* [YOUR ASSIGNMENT]: Go to the line holding "茂管處更推出多項限時好康,包" in the data below. Return it and each line after it through the last, exactly, and skip the pictures.

* [DATA PROVIDED]:
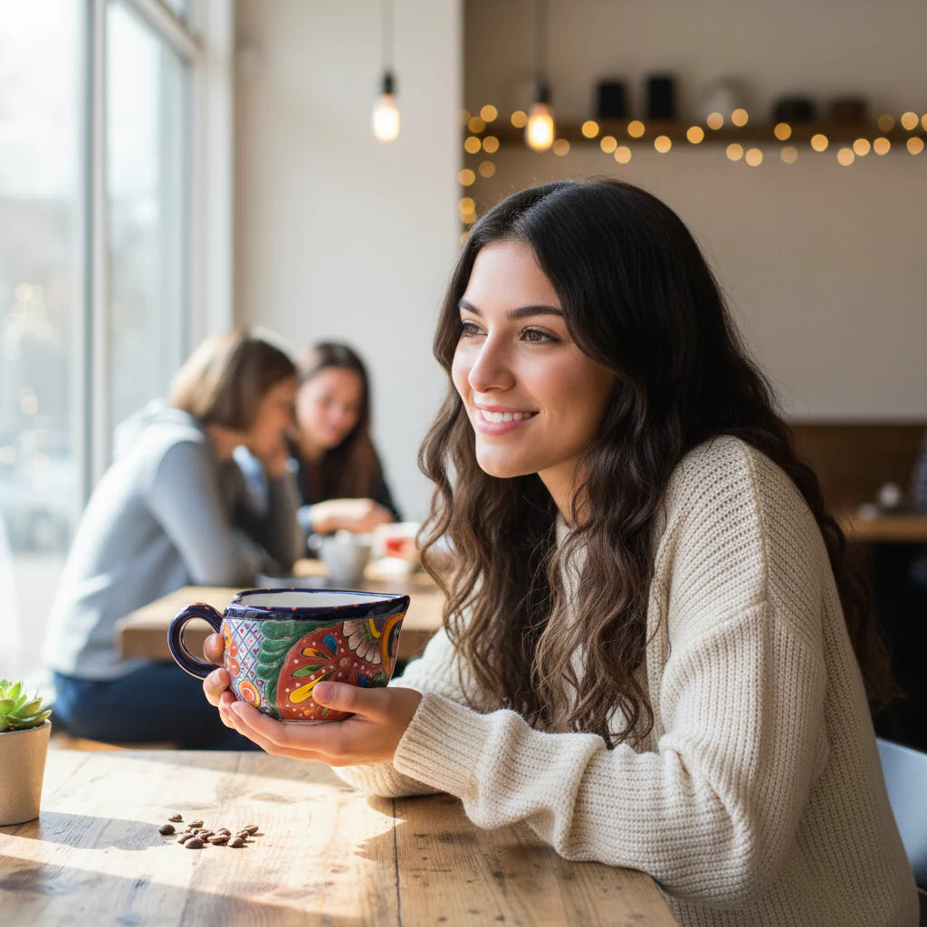 QUALITY: Made from durable ceramic and finished with a glossy, lead-free glaze. Each mug is carefully shaped and painted by skilled artisans, making every piece a little different and full of character.
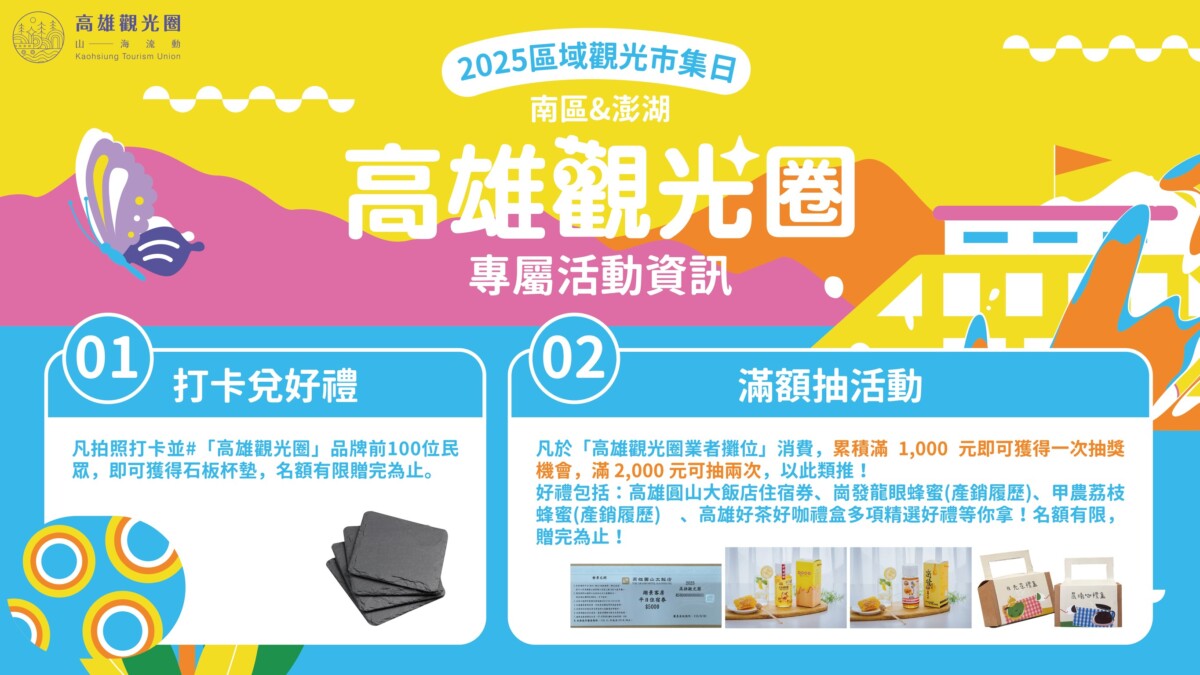 茂管處更推出多項限時好康,包括打卡送好禮、消費滿額抽住宿券,以及「買500送100」的早鳥優惠券(限高雄觀光圈攤位使用),吸引民眾邊逛邊享優惠。
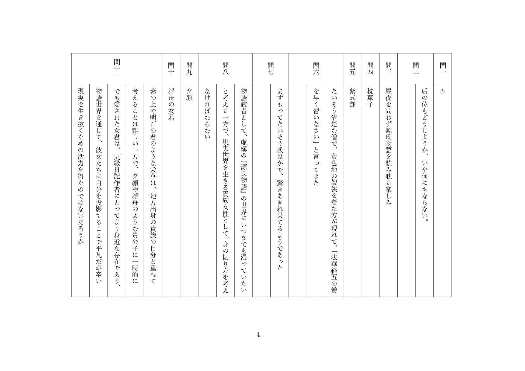 九条さん:更級日記作者が、あこがれの登場人物として、光源氏の愛した(  ケ  )や薫の大将の愛人だった(  コ  )を挙げている点は参考になるね。あえて、メインヒロインである紫の上や、地方の出身だけど大成功した明石の君を挙げていないのはどうしてだろうか。
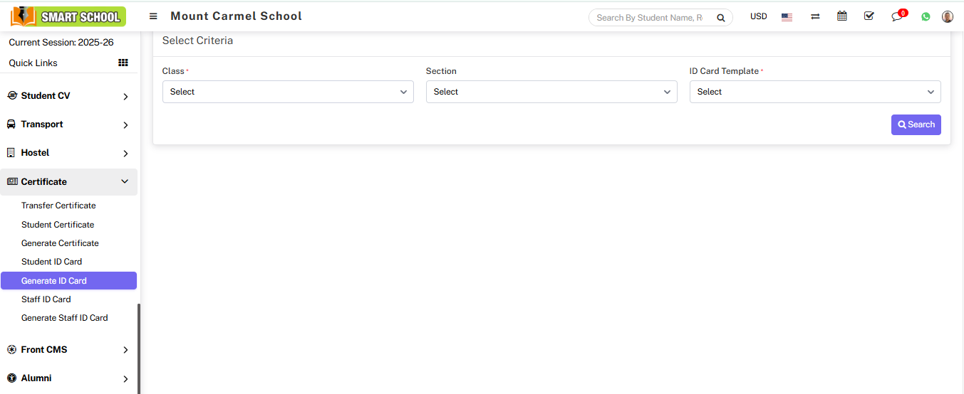 Now, Go to the Certificate tab and select "Generate ID Card." Now select Class, Section, and ID Card Template, and click on the Search button.

* [ANSWER TO THIS EXERCISE]:
 茂管處更推出多項限時好康,包括打卡送好禮、消費滿額抽住宿券,以及「買500送100」的早鳥優惠券(限高雄觀光圈攤位使用),吸引民眾邊逛邊享優惠。
 九条さん:更級日記作者が、あこがれの登場人物として、光源氏の愛した(  ケ  )や薫の大将の愛人だった(  コ  )を挙げている点は参考になるね。あえて、メインヒロインである紫の上や、地方の出身だけど大成功した明石の君を挙げていないのはどうしてだろうか。
 Now, Go to the Certificate tab and select "Generate ID Card." Now select Class, Section, and ID Card Template, and click on the Search button.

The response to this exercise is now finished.